The claim was made recently by Italian Cardinal Angelo Comastri, formerly the Archpriest of St. Peter’s Basilica and now living in retirement, in a series of daily video meditations during the month of May produced by the Italian Catholic TV network Telepace.

To this day, Italian children study the poetry of Carducci, the first Italian ever to win the Nobel Prize in literature. He’s remembered as an ardent nationalist and thus a bitter foe of the pope’s civil rule, who articulated the resentments many Italians felt over centuries of theocracy and clerical domination.

Here’s an indicative portion of his famed “Hymn to Satan,” unfortunately without the rhyme scheme that makes it work in the Italian original:

“As Martin Luther threw off his monkish robes/So throw off your shackles, O mind of man/
And crowned with flame, shoot lightning and thunder/Matter, arise; Satan has won.”

“Hail, O Satan O rebellion, O you avenging force of human reason!/Let holy incense and prayers rise to you!/ You have utterly vanquished the Jehovah of the Priests.”

Yet, according to the 77-year-old Comastri, Carducci by the end “arrived in the arms of Jesus, and it was Our Lady who brought him to us.”

As the story goes, in the 1890s, while he was in his 60s, Carducci was spending some time in Courmayeur, a charming mountain town located in Italy’s far northern Val d’Aosta region. While there, he began a dialogue with Abbot Pietro Chanoux, who ran a small hospice for visitors at the foot of one of the nearby Alpine mountains called the Piccolo San Bernardo, so called because tradition held it had been founded by St. Bernard in the 11th century.

Chanoux enjoyed a degree of fame as a preacher, but he was an ideal conversation partner for Carducci because he was also an amateur poet and a man of science. Chanoux established an observatory and botanical garden at the hospice, and it was his interest in classifying and studying the natural herbs of the Alps that led to the creation of the first serious scientific society devoted to the subject.

The claim is that one evening in 1895, while Carducci and Chanoux were talking, Carducci said he wanted his friend to hear his confession. From that point forward, Carducci allegedly returned to the faith, although in a largely clandestine fashion.

To appreciate how remarkable that idea must seem to Italians, recall that the same year, 1895, was the 25th anniversary of 1870, the year republican troops breached the Porta Pia in Rome and overthrew the Papal States, and for the occasion the new Italian government launched a national holiday on Sept. 20 to commemorate the defeat of the pope. When a series of local mayors decided not to host celebrations because Pope Leo XIII called on Catholics to boycott the new holiday, the national government declared those mayors suspended and illegitimate.

The idea that a hero of the republic would choose that moment to return to the faith, therefore, can’t help but seem terribly ironic.

We know of Carducci’s return thanks to the 1980 beatification cause of St. Luigi Orione, who founded a religious order of men to advance the new social teaching of the Catholic Church in the late 19th century.
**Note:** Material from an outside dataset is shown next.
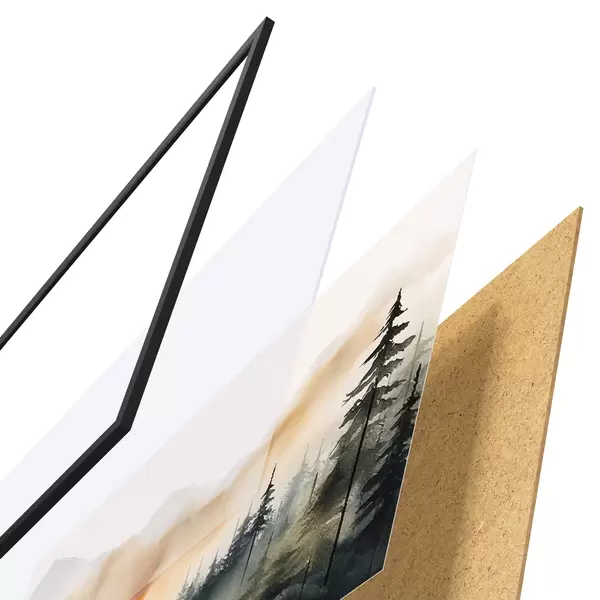 El póster consta de marco, plexiglás, imagen impresa y soporte de aglomerado. El póster puede colgarse inmediatamente en la pared gracias a los soportes de la parte posterior.

According to the paperwork for the cause, Orione learned of Carducci’s confession and conversion directly from first-hand sources during his travels across Italy.

According to Orione’s recollections, Carducci was asked why he didn’t want to reveal his decision, and his answer was, “I’m too weak to say it strongly.”

Assuming it’s all true, what’s the significance of Carducci’s secret conversion?

It probably doesn’t mean very much from a debating point of view. It’s hard to imagine that Hitchens, for instance, even if he knew that one of his intellectual forbearers had changed his spots, would have suddenly erupted into a “hallelujah!”

On a pastoral level, however, perhaps the moral of the Carducci story is that in religion, like politics, there are no permanent friends or enemies. The difference is that in politics, what’s permanent are interests.

In religion, on the other hand, what’s permanent is hope – even for those who seem most distant from faith right now, because, in all honesty, you just never know.